I don't want to spend several hundred quid on new drives only to find they drop out of the array all the time, so i'd like drives where I can enable TLER/ERC/CCTL
 
I think your going about this the wrong way. Instead of singling out the HD manufacturer's why don't you look at the RAID controller manufacturer's and why they don't let you set specific time out values in their firmware.

As much as some people like to think on this forum, the consumer drives are not the identical copies of the enterprise drives the OEM's make. The enterprise drives have different firmware, different parts, and are manufactured to withstand higher operating temperatures and tolerances. They are not 'double the price' just for the hell of it. That's like saying Windows Server and the Desktop client are the same because they both have a GUI and a mouse cursor.

As many have pointed out before, the issue with dropouts is with hardware RAID controllers. Software RAID has none of these issues. I wonder why?
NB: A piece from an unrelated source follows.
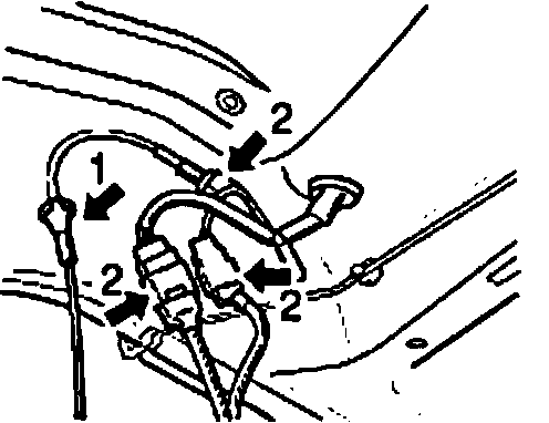 19. Carefully remove the sheetmetal clips of the hand brake cable on the fuel tank.

If the RAID controller manufacturer's primary customers are end users then they should cater to these people and test their controllers with consumer drives and tweak their firmware as needed. The Hard drive OEM's primary clients are large resellers, not people on Hard Forum. They have no reason to change what they do, all their money comes from the Dell/HP/Storage vendors. Not Newegg.com.
 
Last edited:
@danman

I would bet that if someone ripped the firmware from a WD RE3 drive and put it on an equivalent sized caviar black SATA II drive you'd have a working drive. Really the only company on my @&*!list as a consumer is WD

Seagate has said they manufacture their enterprise drives to a higher standard than their desktop drives. Hitachi has said that as well. I believe Hitachi and since Seagate has been the most sincere customer support I've talked to over this I'm going to believe them as well. I haven't heard anything from Samsung and I'm waiting on WD.

There's this damning thing called interface, though. I don't know of any enterprise harebrained enough to run SATA drives over SAS drives in servers where high availability is critical. https://secure.wikimedia.org/wikipedia/en/wiki/Serial_attached_SCSI#SAS_vs_SATA


Do large businesses really put 48 SATA drives in a 4U rackmount with 10 gigabit or 40 gigabit connections? I can see a small business with a single building and 15-20 employees using 6 to 8 SATA drives on the cheapest controller they can get - probably built into their motherboard, but I've always assumed that once you got bigger than that, you bought SAS.

@no one in particular
After Samsung's reply from their customer support ( still waiting on their PR person ) I found myself unwittingly subscribed to their newsletter on both my personal and professional e-mails. I'm fairly sure I was paying attention to their form and didn't check a box saying 'please subscribe me to your newsletter', because I generally uncheck them.

So I went to unsubscribe.

Samsung unsubscribe page said:
unsubscribe
We're sorry to see you go. Please allow 7-10 business days for us to process your request.
*Headdesk*
It's an SQL database. I think they need a faster storage system.
 
I think your going about this the wrong way. Instead of singling out the HD manufacturer's why don't you look at the RAID controller manufacturer's and why they don't let you set specific time out values in their firmware.
I already raised that issue at the start. I also linked to my blog where i've made the same point - I don't care how the problem is solved but I need to find a solution.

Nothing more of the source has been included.